━━━━━ Data extracts ━━━━━

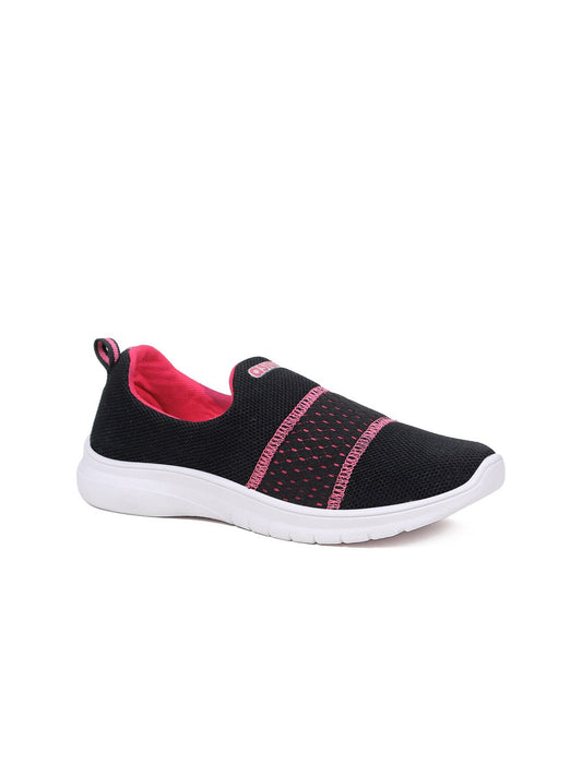 Asian Women Black & Pink Woven Design Slip-On Sneakers
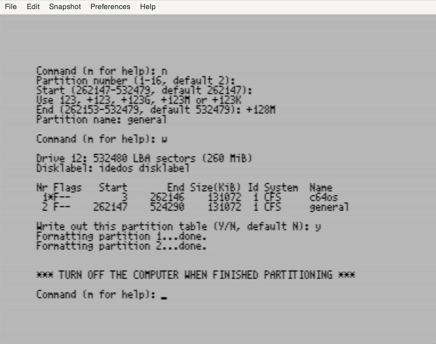 Changes made to the partition table have not yet been committed to the virtual medium. To make the partition table changes permanent use the "w" command, write changes to disk. Confirm that you really want to make these changes by typing "y" and pressing RETURN. When the partitions have been created you are instructed to power off the computer.
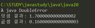class DoubleError{ public static void main(String[] args){ double d1 = 1.6; double d2 = 0.1; System.out.println("덧셈 결과: " + (d1 + d2)); System.out.println("곲셈 결과: " + (d1 * d2)); } }
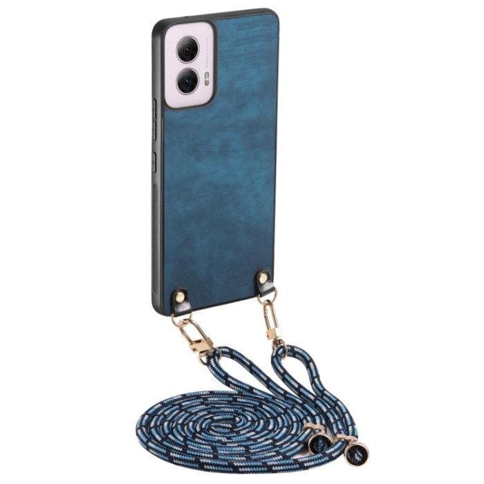 For Motorola Moto G Power 2024 5G Vintage Leather PC Back Cover Phone Case with Crossbody Strap(Blue)
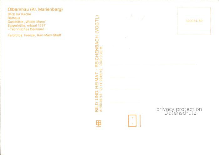 72424138 Olbernhau Erzgebirge Kirche Rathaus Gaststaette Wilder Mann Saigerhuette postalisch nicht gelaufen Erhaltung siehe scans KatCode: 11110014181280
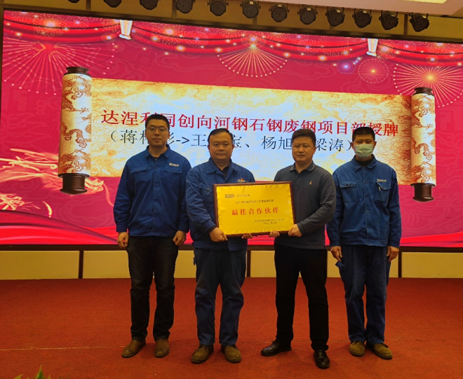 在驗收儀式上,石鋼廢鋼項目部向達涅利同創授予“最佳實施創新團隊”的光榮稱號,同時,達涅利同創與石鋼廢鋼項目部作為“最佳合作夥伴”合影留念。這也標誌著雙方願一同繼續夯實合作基礎,建立長期、穩固、xietongfazhandezhanlvehezuoguanxi,jixushenhuashuangfangzaishuzihuahezhinengzhizaoshangdehezuo,rangshuangfangdehezuoyinlingxingyefazhanfangxiang,chengweiwoguonaizhiquanqiutegangqiyedianfan。
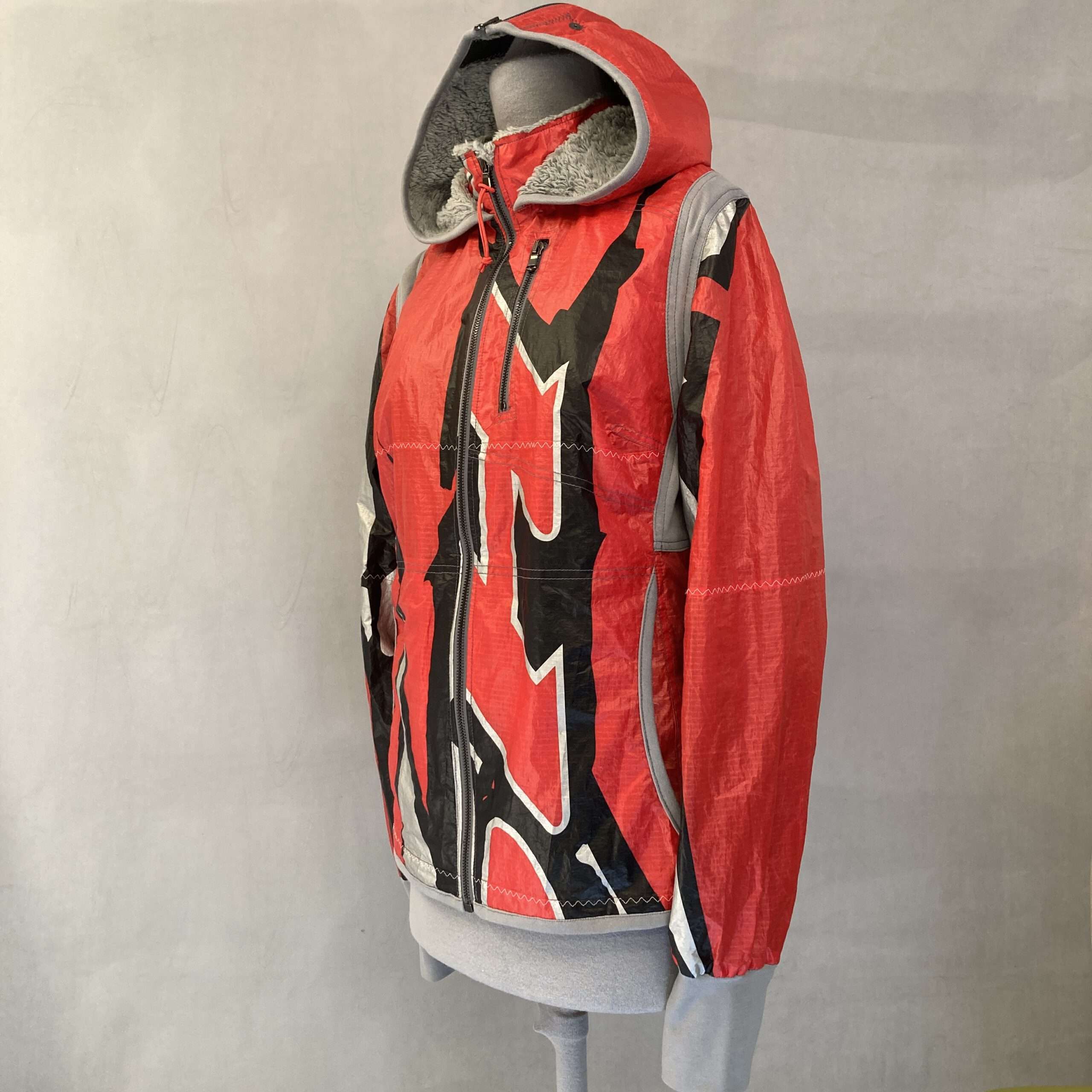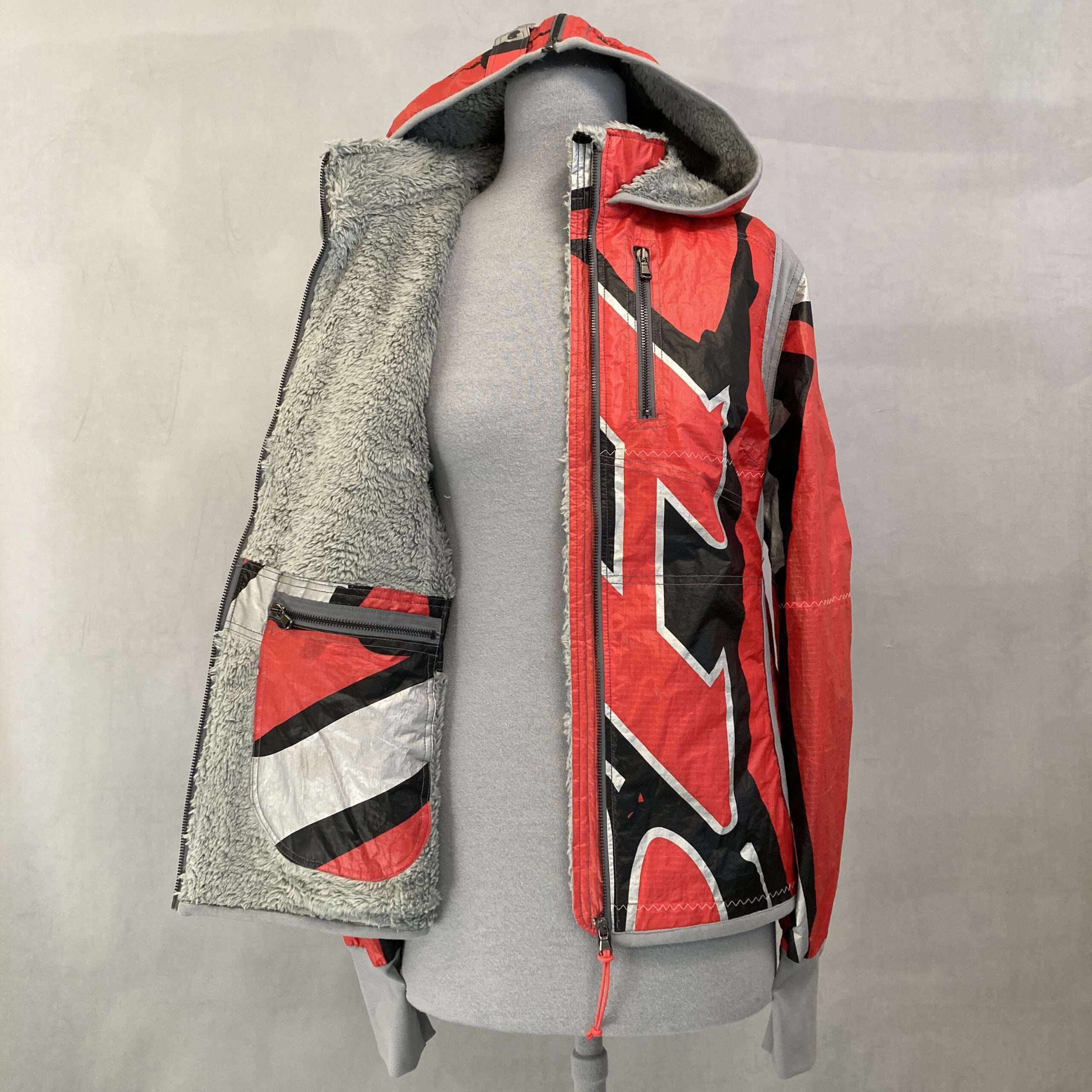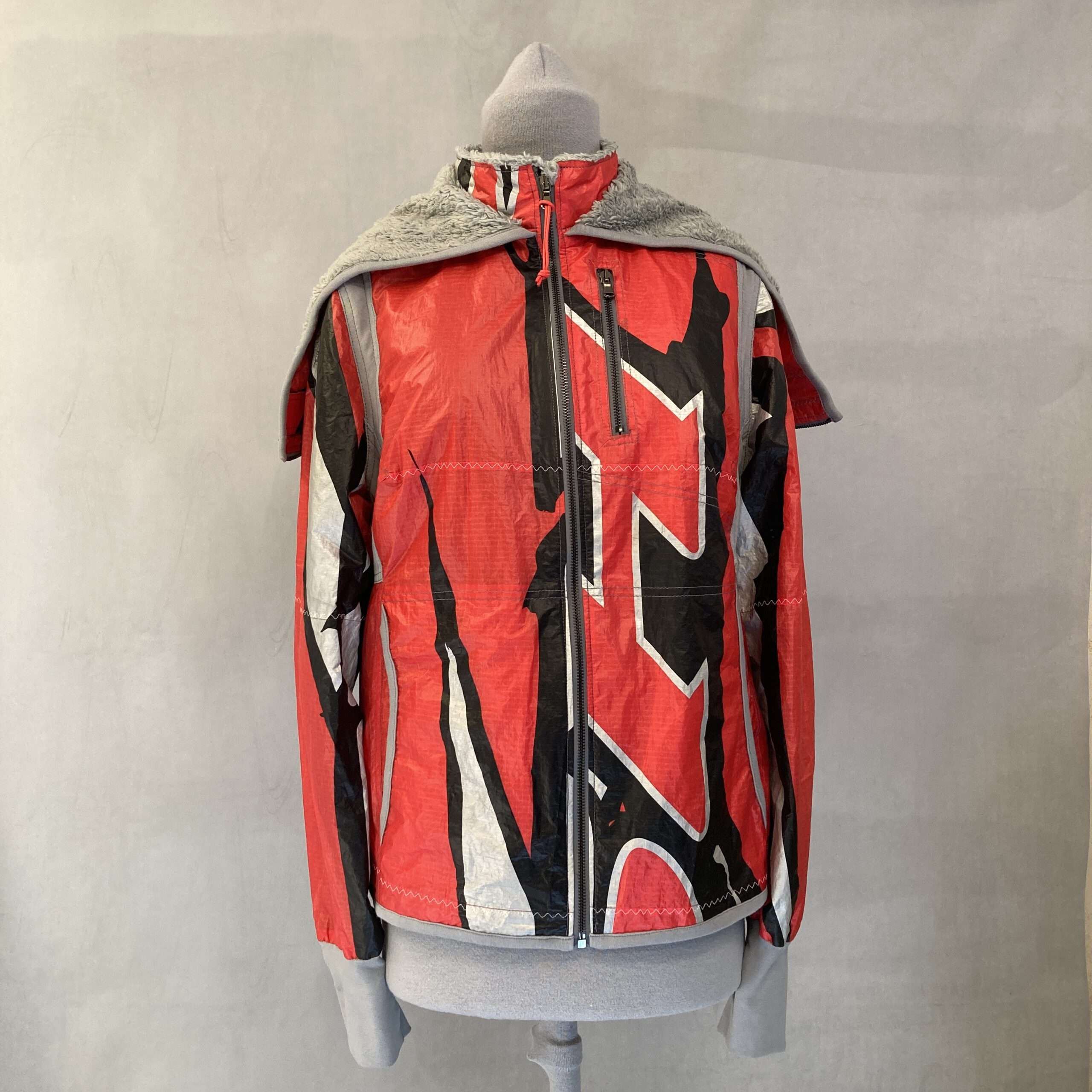 Eine Upcycling-Jacke, die gleich zweimal Mรผll vermeidet. Durch Verarbeitung gebrauchter Kites und unseren Zero-Waste-Anspruch; denn auch ihr Verschnitt wird in unseren anderen Produkte weiterverwendet.

━━━━━

**Work required**: Copy nothing but the lines from the top of the material through the line holding "public static void", exactly as written; omit pictures.

**Response to this task**:
 Asian Women Black & Pink Woven Design Slip-On Sneakers
 Changes made to the partition table have not yet been committed to the virtual medium. To make the partition table changes permanent use the "w" command, write changes to disk. Confirm that you really want to make these changes by typing "y" and pressing RETURN. When the partitions have been created you are instructed to power off the computer.
class DoubleError{ public static void main(String[] args){ double d1 = 1.6; double d2 = 0.1; System.out.println("덧셈 결과: " + (d1 + d2)); System.out.println("곲셈 결과: " + (d1 * d2)); } }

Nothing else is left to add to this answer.